I've got a couple of college degrees. I'm thinking of asking for my money back because lately, I've been noticing how much stuff (economic stuff in particular) in the world doesn't make any sense to me. All that higher learning obviously didn't take, because when I look at the world, and say event A happens and it seems logical to me that B should follow, it never quite works that way, all of a sudden I'm left to deal with -B, or C, or D, or E (hey at least that symbolic logic class didn't go completely to waste). Anyway, a couple of events last week, simply followed a pattern that has occurred a lot lately when I look at the stock market, and it has become obvious that either I was completely asleep at the switch during econ classes, things are not going "according to Hoyle" or they taught me the wrong freaking stuff. I need help from any economists on this site. More below.

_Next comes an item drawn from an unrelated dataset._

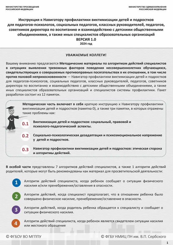 В 2024 году эксперты факультета «Юридическая психология» ФГБОУ ВО МГППУ и ФГБУ «НМИЦ ПН им. В.П. Сербского» Минздрава России разработали Методические материалы по алгоритмам действий специалистов в ситуациях выявления тревожных факторов поведения несовершеннолетних обучающихся, свидетельствующих о совершаемых противоправных посягательствах в их отношении, в том числе против половой неприкосновенности — «Навигатор профилактики виктимизации детей и подростков» (для педагогов-психологов, социальных педагогов, классных руководителей, советников директора по воспитанию и взаимодействию с детскими общественными объединениями, иных педагогов и специалистов образовательных организаций, а также других специалистов системы профилактики безнадзорности и правонарушений несовершеннолетних).
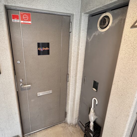 4階のK’sStudioのドア前にお越しいただき、インターホンを押してそのままお入りください。

I've seen similar events before, it's just that only recently have I become so frustrated as to write a diary about it. I mean, back in college we did a lot of plotting Marginal Value Product curves, studying supply and demand curves, talking about substitution and such things. However, little of that seems to do me any good trying to understand what's going on. So lets start with what I believe to be true, you can dash that, then we'll move on to explanations of why things don't behave the way I think they should
- Stock indexes (DOW etc.) are composites that are supposed to reflect the overall "health" of the stock market.
- Stock price reflects the relative value of a company.
- Companies adopt strategies of operation (production, sales, resource management) to maximize return on investment.
- Events or actions that decrease costs (i.e. wage cuts, job cuts) increase stock value
- Things that put more money into consumer's pockets tends to create demand which drives up prices which means more profits which should drive up stock prices.
Perhaps that's enough to start. What I've noticed is that lately, it seems that when something is announced that I think is good, and should drive stocks up, they drop into the crapper. When something is announced that I think is bad, and should drive stocks down, the skyrocket. So, I'm obviously thinking wrong. Help set me straight. Lets start with last week's events.
From the beginning of the week until midweek, it seemed the market was moving up swiftly. I wasn't paying too much attention, so I don't know why. However, midweek, the unemployment figures came out, and WOW the best figures in five years!! Much lower than expected!!! Man this has gotta be great news for the economy and the stock market is gonna shoot up!! So I click on over to CNN and find out WHAAAA?? It dropped over a 100 points followed on Friday by another 50+ points. The article says it's on "inflation fears" and that investors fear "interest rate hikes" from the fed. It seems that all the good impact of more people with money to spend on products is outweighed by other factors. So If that is so, it seems the stock market is independent of the consumer side of the equation and if so why is it considered such a good indicator of economic health? And if the stock market is independent of the consumer side of the equation, how does that trickle down bullshit work?
Which brings me to my final question. The metaphors of trickle-down economics helping everyone, and the rising-water-raises all boats bit is a common one that comes to us from back in the Reagan days. Now I'm an Aggie, I know a little about trickling and runoff and stuff. I know when it rain "trickles" on the hillside, some runs off into the lake, some pecolates into the soil and will eventually end up the same place, but it takes a long time. So my question is, couldn't we raise the boats faster if we just poured it all in the lake directly?
Just wonderin'. I'm stupid you know.
I am doing two things at once this morning, so if I'm a little slow on a response to a comment, bear with me.